The facility created by Congress to serve as a source of liquidity for credit unions experiencing unusual or unexpected liquidity shortfalls ended the third quarter with total assets of 1.243 billion, the federal credit union regulator reported Thursday, with $1.1 million in year-to-date net income and having paid a 2.24% dividend to member credit unions for the quarter.
The Central Liquidity Facility is a mixed-ownership government corporation operated by the National Credit Union Administration (NCUA). NCUA staff in Thursday’s open agency board meeting reported that the facility had a total of 3,991 members; report data show some 91% of those credit unions are agent members. That portion of CLF members, based on definitions in NCUA’s report, are members in the facility by virtue of their membership in corporate credit unions. (In that case, corporates purchase capital stock in the CLF on behalf of their member credit unions.)
CLF membership for that latter group was made possible in 2020 through legislation addressing the COVID-19 pandemic.

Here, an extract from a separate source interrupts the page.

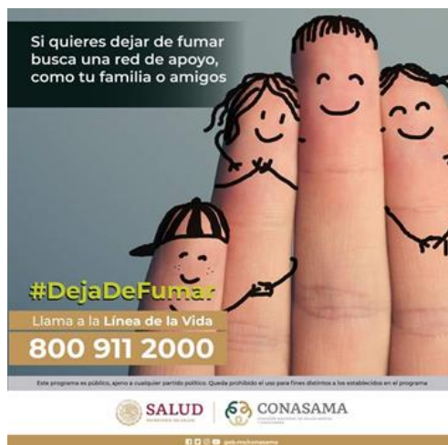
Imagen 8. Servicios de cesación del consumo de tabaco, La Línea de la Vida

La CONASAMA cuenta con una línea telefónica con cobertura en todo el país: “ Línea de la Vida ”: 800 911 2000, es gratuita y está disponible las 24 horas, los 365 días del año, donde se brinda información sobre salud mental y adicciones, atención y referencia oportuna en casos de tabaquismo.

“The CLF is a vital source of emergency liquidity within the credit union system,” NCUA Chairman Todd Harper said in a statement. “However, the pending expiration of the temporary CLF enhancements authorized by Congress at the start of the COVID-19 pandemic remains a very real concern.”
In other third-quarter data, staff reported that as of Sept. 30, the CLF had:
- $1.243 billion in total assets;
- $1.1 million in year-to-date net income;
- $40.5 million in retained earnings;
- $29.1 billion in borrowing authority.